Informed consent for the procedure should include an explanation of both the general risks of arthroscopy and the specific risks of radiofrequency ablation that are shown in Table 1. These risks are bleeding that could lead to hemarthrosis, knee instability that may require ACL reconstruction, and ongoing pain after the operation (which could be due to inadequate debridement or from concomitant joint pathology). After the consenting process, the patient is brought to the operating room and the World Health Organization checklist is performed. The patient is positioned on the table with the knee flexed at 90° with side supports and foot rest (sandbag). A tourniquet is applied and placed as proximally as possible on the thigh. The knee is prepared and draped as for standard diagnostic arthroscopy (see Fig 1). Stability of the ACL is assessed using the Lachman, Drawer, and pivot shift test before arthroscopy is commenced.
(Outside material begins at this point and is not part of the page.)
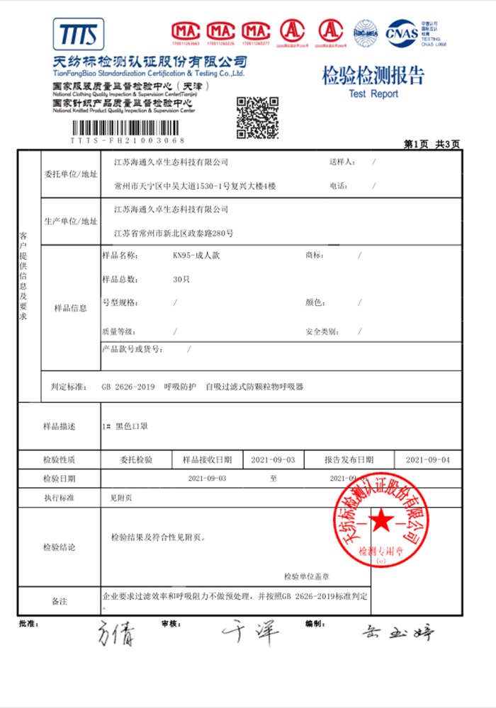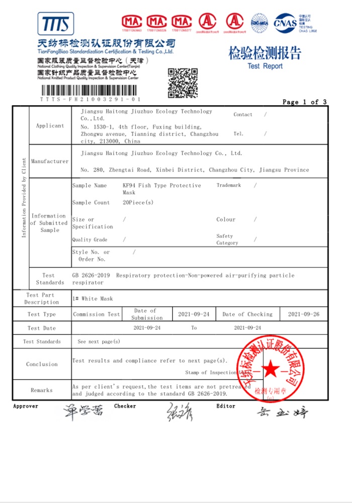 KF94款 GB 2626-2019檢驗(yàn)報(bào)告(中文版)
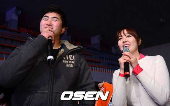 5일 오후 대전 한밭 종합운동장 내 한밭 체육관에서 진행된 '류현진 MLB 진출 기념 환송회'에서 한화 안승민과 김민아 아나운서가 류현진에게 질문을 하고 있다.

Standard anteromedial and anterolateral portals are created using a number 11 blade in the standard positions, medial and lateral to the patella tendon (Figs 2 and 3).

Table 1

Key Points and Pearls for Radiofrequency Ablation of the ACL

Recognition• Consider the diagnosis in patients who present with dull posterior pain and limitation of terminal flexion • Diagnosis can be made on sagittal MRI with the ACL being greater than 10 mm in diameter3, 7

Consenting process• Discuss the risk of ACL instability/need for reconstruction after radiofrequency ablation (approximately 20%)8 • Discuss how surgery can improve flexion and therefore knee function • Discuss that there could be associated pathology that may be addressed on arthroscopy that could be a cause for residual knee pain • Discuss the risk of bleeding that could result in hemarthrosis

Arthroscopic setup• Setup as normal for diagnostic arthroscopy with foot bolster and side support (Figs 1 and 2) • Prepare and drape as standard and place anteriomedial and anteriolateral ports (Fig 3)

Diagnostic arthroscopy• Make the diagnosis arthroscopically of MD-ACL observing an engorged, thickened ACL (Fig 4)
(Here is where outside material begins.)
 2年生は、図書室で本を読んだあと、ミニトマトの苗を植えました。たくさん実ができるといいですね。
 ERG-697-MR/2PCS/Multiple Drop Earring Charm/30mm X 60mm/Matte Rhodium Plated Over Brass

Radiofrequency ablation via the anteriomedial port (Fig 5)• Start peripherally and move centrally (Fig 6) • Use the radiofrequency ablation for hemostasis if bleeding from the ACL (Fig 7) • Ensure that any peripheral fibers are debrided to prevent impingement in the femoral notch

Postdebridement assessment• Assess for impingement of the ACL within the femoral notch (Fig 8) • Assess for impingement of the ACL on the PCL • Assess for stability of the ACL using Lachman's and Drawer's tests

Follow-up• Mobilize full weight bearing, with analgesia as required, commencing with an ACL rehabilitation program • Seen in the outpatient clinic at 6-8 wk by the operating surgeon

ACL, anterior cruciate ligament; MD, mucoid degeneration; MRI, magnetic resonance imaging.

Fig 1

Setup as for standard arthroscopy using a side support and foot bolster. Tourniquet should be applied and inflated to 250 mm Hg.

Fig 2

The port placement. This should be a standard anteriomedial and anteriolateral port either side of the patella tendon.

Fig 3

Prepare and drape the patient as for standard arthroscopy.
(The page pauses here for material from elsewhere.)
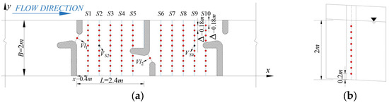Layout of flow velocity measurement points in the chamber at L/B = 1.2 of the J1 = 1:20: (a) Within the chamber; (b) At the vertical slots.

Discuss the risk of ACL instability/need for reconstruction after radiofrequency ablation (approximately 20%)

Fig 4

Arthroscopy still as viewed by the anterolateral portal showing mucinous deposits and characteristic “stranding” of the mucoid degenerate ACL fibers, which confirms the diagnosis of MD-ACL. (ACL, anterior cruciate ligament; LFC, lateral femoral condyle; MD, mucoid degeneration; MFC, medial femoral condyle.)

Fig 5

The radiofrequency probe should be inserted via the anteriomedial port. The camera should be inserted through the anteriolateral port.

Fig 6

Arthroscopy still as viewed by the anterolateral portal showing the debridement of the medial wall of the ACL using a radiofrequency probe. This should continue to the peripheries until all ACL tissue that causes impingement has been debrided. (ACL, anterior cruciate ligament; LFC, lateral femoral condyle; MFC, medial femoral condyle.)

Fig 7

Arthroscopy still as viewed by the anterolateral portal showing the hemostasis that can be achieved using the radiofrequency probe. Hemostasis of any bleeding synovial vessels covering the ACL should be stopped by using the radiofrequency probe. There can be significant bleeding from the synovial vessels. (ACL, anterior cruciate ligament; LFC, lateral femoral condyle.)

Fig 8

Arthroscopy still as viewed by the anterolateral portal showing that the debrided ACL can now freely move within the femoral notch without impingement. The ACL has reduced in bulk compared with the start of the operation and now does not impinge on either the PCL or within the notch. (ACL, anterior cruciate ligament; LFC, lateral femoral condyle; MFC, medial femoral condyle; PCL, posterior cruciate ligament.)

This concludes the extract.